I swear we loved him and didn’t think of him as the sacrificial lamb in our family dramas. Fortunately, he survived his dangerous wardrobe and abandoned Star Trek for Star Wars along the way. And NO, George Takei, you are WRONG about the real enemy. Stop that!

I didn’t know until I went digging around on the Internet to read more about Redshirts that there’s a trope called “Anyone Can Die.” But I was gratified to see that they listed the TV shows Lost and The Vampire Diaries as examples of this, as I have been jarred again and again by the body count of CHARACTERS I LOVE on these shows. Fortunately, those characters tend to reappear in flashbacks, dreams, or as ghosts. Sort of like school photos: They never really go away.

Legacy Writing 365:12

One of the challenges I’ll face this year when digging through old photos is that many years ago, my mother gave David and Debby the photo albums with the pictures documenting their lives. So short of traveling across state lines with a computer and a scanner, I’m limited to what she kept and what extras of my siblings I can find in the photo album she made for me.

For example, when Cousin Rachel married Charles, I have a vivid memory of my sister wearing the long white dress my mother made her so she could be a junior bridesmaid. And I don’t remember what my brother did in their wedding, but I’m pretty sure he was all adolescent Cary Grant in a white dinner jacket, black pants, and black tie.

What did I do in the wedding? I’m glad you asked.

NOTHING. I was shut.out. And this after I had learned from Cousin Rachel not to chew my tomato sandwich with my mouth open! I had ETIQUETTE. And after she and Charles had once traumatized my delicate self by taking me to the drive-in on one of their dates, where we saw a scary, suspenseful movie (and don’t think I’ve forgotten that scene where the tortured heroine runs over her rotten husband again and again!). And even worse, I had expressed my intention to grow up and marry Charles. Way to RUIN MY LIFE, COUSIN RACHEL.

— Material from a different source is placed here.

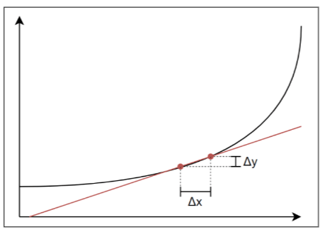 解释为: 当 变量的增量 无限趋近于 0 的时候, 就相当于一个点的切线, 我们将其叫做函数 在 的导数

Actually, for that weekend, I enjoyed my time with my parents. While the others were busy doing wedding stuff:

I did my Esther Williams pose.

And my Evita pose.

My parents often said that wherever we went, I always disappeared for a while after our arrival. I’d then come back and tell them where they could find the ice machine and the Coke machine, details about the desk clerk’s family and background, the hours the pool was open, what the story was on that station wagon full of people who’d arrived just before us, and how to get extra towels.

Imagine what I could have told them if I hadn’t been such a shy child?

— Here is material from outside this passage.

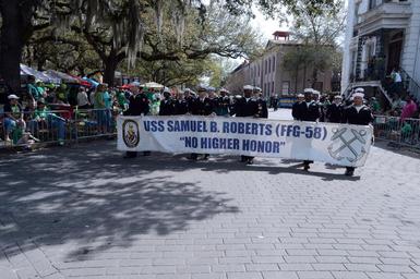 Keywords: 191st Savannah St. Patrick's Day Parade 150317-N-OS575-176.jpg en 150317-N-OS575-176 SAVANNAH Ga March 17 2015 Sailors from the guided-missile frigate USS Samuel B Roberts FFG 58 stationed at Naval Station Mayport march in the 191st Savannah St Patrick's Day Parade in Savannah Ga U S Navy photo by Mass Communication Specialist 2ND Class Sean P La Marr/Released Unit Navy Media Content Services DVIDS Tags NMCS; DVIDS Bulk Import 2015-03-17 Petty Officer 3rd Class Sean La Marr https //www dvidshub net/image/1824918/191st-savannah-st-patricks-day-parade 150317-N-OS575-176 2015-03-20 03 59 SAVANNAH GA US PD-USGov-Military-Navy Naval Station Mayport Images from DoD uploaded by Fæ |

World-class accommodations in Columbus, Mississippi.

Long gone.

An old post card I stole from the Internet.

Legacy Writing 365:11


Dressed for one of many high school functions they attended when my father was an assistant principal: Bill and Dorothy…or…

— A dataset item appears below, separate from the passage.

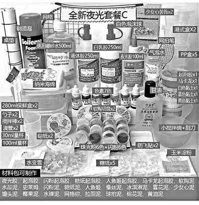 三年過去,水晶泥在電商平臺仍銷量不少。北青報記者檢索多個電商平臺發(fā)現(xiàn),每個平臺均有許多商家銷售水晶泥、棉花泥、發(fā)泡膠、假水等此類玩具,還有商家銷售自制此類玩具的材料包。這些產(chǎn)品有的按盒賣,每盒價格約2元,多數(shù)簡易透明包裝盒上沒有產(chǎn)品說明、生產(chǎn)廠家和生產(chǎn)日期等信息,有的按禮盒套裝賣,不同規(guī)格的套裝價格從不足10元到400多元不等。

Is it only me, or do other people ever stop and realize how infrequently we hear our own names? If you’re a parent, for example, you’ll hear whatever version of “mother” or “father” your kids use–a lot. At work, you may hear your name now and then. And if you have a good doctor or dentist, you’ll hear it several times during consultations. But in general, I don’t often hear someone say my name.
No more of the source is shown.